Nothing noticeable happened except for the fact that she calmed down and slept very well. Very late the next day. I didn't tell her. It was kind of a blip in the radar given the circumstances of that month.

So when mom and dad were in town and they kidnapped me to go to Jax with them, we stopped in WPB to have lunch with Lynn and Alan. My dad is very impatient. He was getting uber-frustrated and basically throwing a temper tantrum that we had to get off the interstate to get to City Place in WPB. He was behaving like a two-year-old. And it was Lynn's birthday so while he was bitching and moaning, mom and I were telling him to shut the hell up, what did he care what time we got home, it was Sunday. Anyway, by the time he dropped us off—after going the wrong way b/c he didn't listen to me—he was about ready to kill someone.
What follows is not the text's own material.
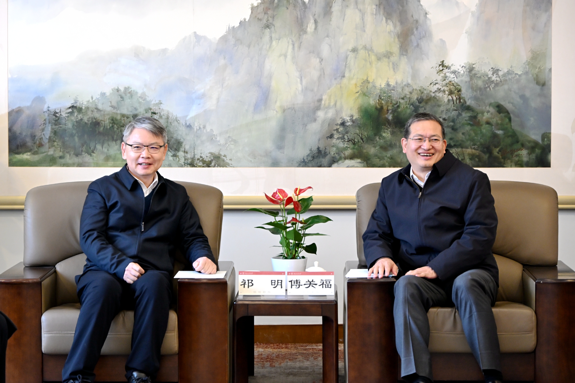 On January 27th, Chairman of the University Council of SUIBE Qi Ming and Vice President Jiang Xiuzhen led a delegation to conduct special research at Zhejiang Gongshang University. Chairman of the University Council of Zhejiang Gongshang University Fu Guanfu, President Wang Yonggui, Deputy Chairman of the University Council of Zhejiang Gongshang University Yuan Jinxiang, and heads of relevant administrative departments joined the meeting.

Even after we sat down with our food, he was still bitching. "Relax already," we said. "You're acting like a child."

"Yeah, I'm the one with cancer, so calm down already, or I'll dose you with something to calm you down like I did mom."

"What? What do you mean you dosed me? With what?"

I explained the whole story, which everyone found quite funny. Even mom. Though she did compare me to the Menendez brothers.

I've also dosed em both with some pot brownies of late. They know about it all though. Luckily they're a bunch of old hippies so they don't mind my subversive shenanigans. Dad didn't know I dosed him with the herb at the time, so other lawyers reading this, don't blame him. It was ALL me. Damn straight.

I'm going to do some budget shopping today at Marshalls. Yeah, you heard right. This little princess has been sticking to a strict budget—no shopping, no daily Whole Foods runs. Publix and cooking at home. It's really much more fun and I enjoy being on a budget. I'm actually under budget. (And under-shopped.) Luckily mom's in town Sunday and we'll be at the outlets. I'm long overdue for some retail therapy. And now I can buy shit that doesn't require a bra. Yipee!